**Data provided**:
= Beginning of Section =

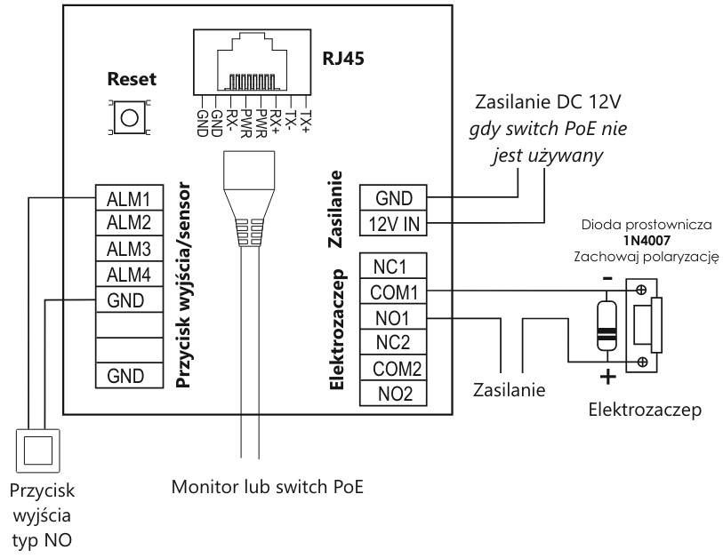 - Zasilanie 12 V DC lub PoE 802.3 af
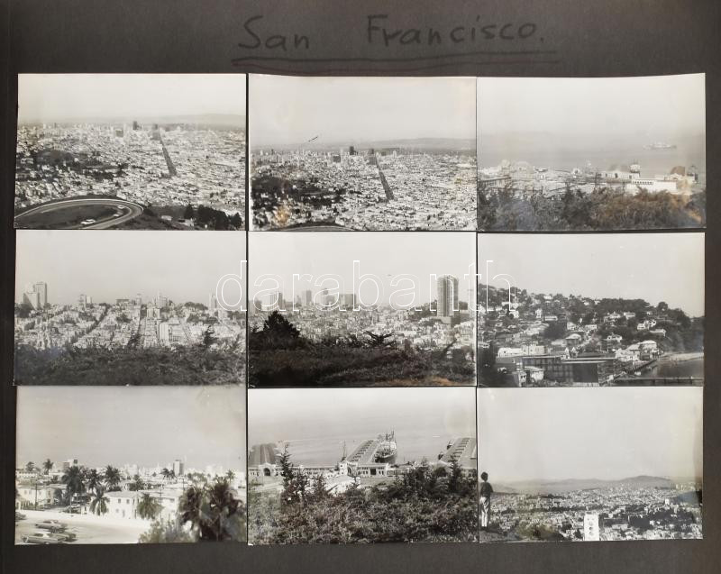 cca 1970 Vas Zoltán (1903-1983) író, kommunista politikus külföldi (amerikai) utazásának fotóalbuma: USA (New York, Washington, Las Vegas, San Francisco, stb.), Kanada, Párizs, London; az album végén hazai (Balaton, stb.) képekkel. Összesen több, mint 200 db fotóval. Nagyméretű, zsinórfűzéses albumban, 51x36 cm.
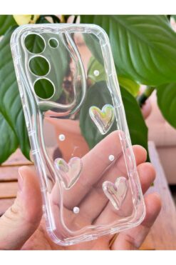 Fibaks Galaxy A56 Uyumlu Kılıf Fiyonk Desenli Şeffaf Simli Gümüş Kamera Çıkıntılı Parlak Kapak
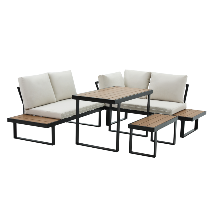Moderné prevedenie v kombinácii čiernej farby, dekoru dub a krémových vankúšov pôsobí elegantne a nadčasovo. Pevná kovová konštrukcia zabezpečuje stabilitu a dlhú životnosť, zatiaľ čo drevené odkladacie plochy z polywoodu dodávajú zostave prirodzený vzhľad.
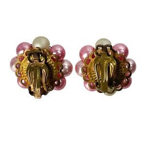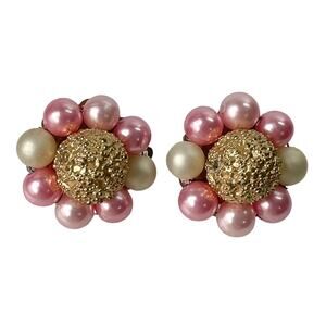 1960s Signed Japan Pink White Plastic & Textured Gold Plate Beaded Clip Earrings
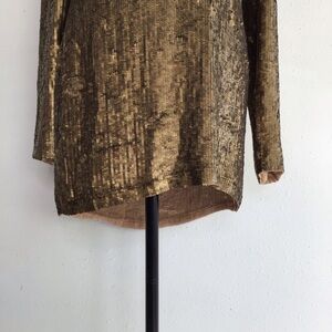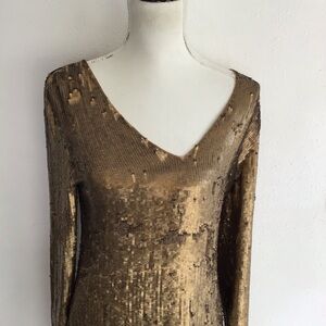This Stunning Haute Hippie Golden Goddess Shimmering gold sequins V-Neck, Long sleeves Asymmetric Design Cocktail Party Event Dress Size M. Fully Nude Lined and has some weight to it. This show stopping dress is in Excellent Condition. no rips, stains or smells. Perfect for evening special party event with cute heel sandals. See pics for measurements. .
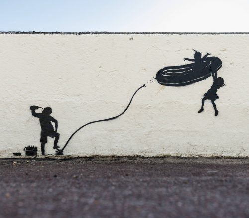 An einem Strand nahe der ostenglischen Stadt Great Yarmouth ist ein Werk von Banksy wegen eines Todesfalls in der Nähe überstrichen worden. Angesichts eines tragischen Unfalls, bei dem 2018 ein Mädchen auf einem geplatzten aufblasbaren Trampolin ums Leben kam, sei das Werk am Strand entfernt worden,
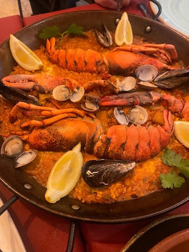 We went here because of the great reviews and were really disappointed. We had the lobster paella, cod fish, grilled squid and a salad. The paella was not properly cooked, such that the rice grains were still raw (you can see it in the pictures - it didn’t soak up the juices and the paella is watery). We pointed it out and the waiter responded nicely and took it back to the kitchen to cook it for longer. When it came back the rice was still slightly undercooked, but now the lobster and seafood on top were completely overcooked and dry unfortunately. Putting the texture aside the taste itself was watery and not rich in seafood flavor. The grilled squid had a nice charcoal flavor but didn’t taste fresh and was slightly undercooked. The cod fish was ok though had so much toppings, the fish didn’t shine through. The staff seemed nice though we didn’t got the table side serving service for the paella in comparison to the other tables, which was weird in hindsight.
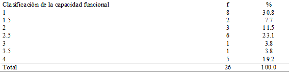 Siguiendo la clasificación de la capacidad funcional de los y las deportistas de la International Wheelchair Basketball Federation (2014), se observa que la capacidad del grupo participante es muy heterogénea, según muestran los datos de la tabla 3. La mayoría del grupo se encuentra incluido en los niveles 1 y 2, lo que lo define como un grupo con altos niveles de movilidad reducida.
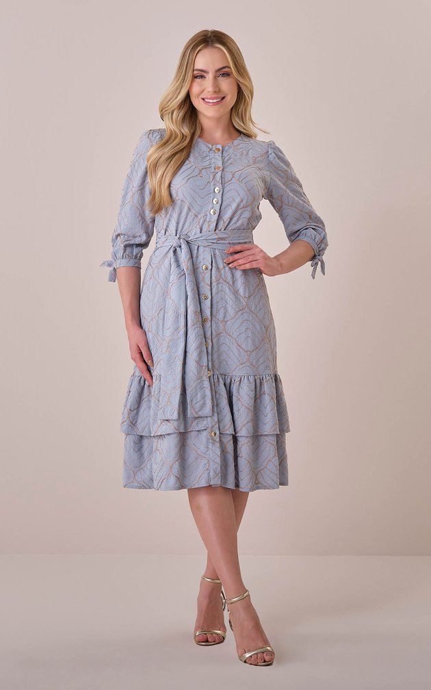 Com design elegante e toque artesanal, este vestido traduz leveza e sofisticação. O tecido bordado traz um visual único, enquanto a modelagem soltinha com faixa ajustável marca a cintura com delicadeza. Os babados na barra e os botões personalizados finalizam o look com charme e presença — ideal para ocasiões especiais ou produções elegantes do dia a dia.

= End of Section =

**Work to be completed**: Print exactly, with no pictures, the lines above from the one that holds "This Stunning Haute" through the one that holds "An einem Strand", both of them included.

**Task response**:
This Stunning Haute Hippie Golden Goddess Shimmering gold sequins V-Neck, Long sleeves Asymmetric Design Cocktail Party Event Dress Size M. Fully Nude Lined and has some weight to it. This show stopping dress is in Excellent Condition. no rips, stains or smells. Perfect for evening special party event with cute heel sandals. See pics for measurements. .
 An einem Strand nahe der ostenglischen Stadt Great Yarmouth ist ein Werk von Banksy wegen eines Todesfalls in der Nähe überstrichen worden. Angesichts eines tragischen Unfalls, bei dem 2018 ein Mädchen auf einem geplatzten aufblasbaren Trampolin ums Leben kam, sei das Werk am Strand entfernt worden,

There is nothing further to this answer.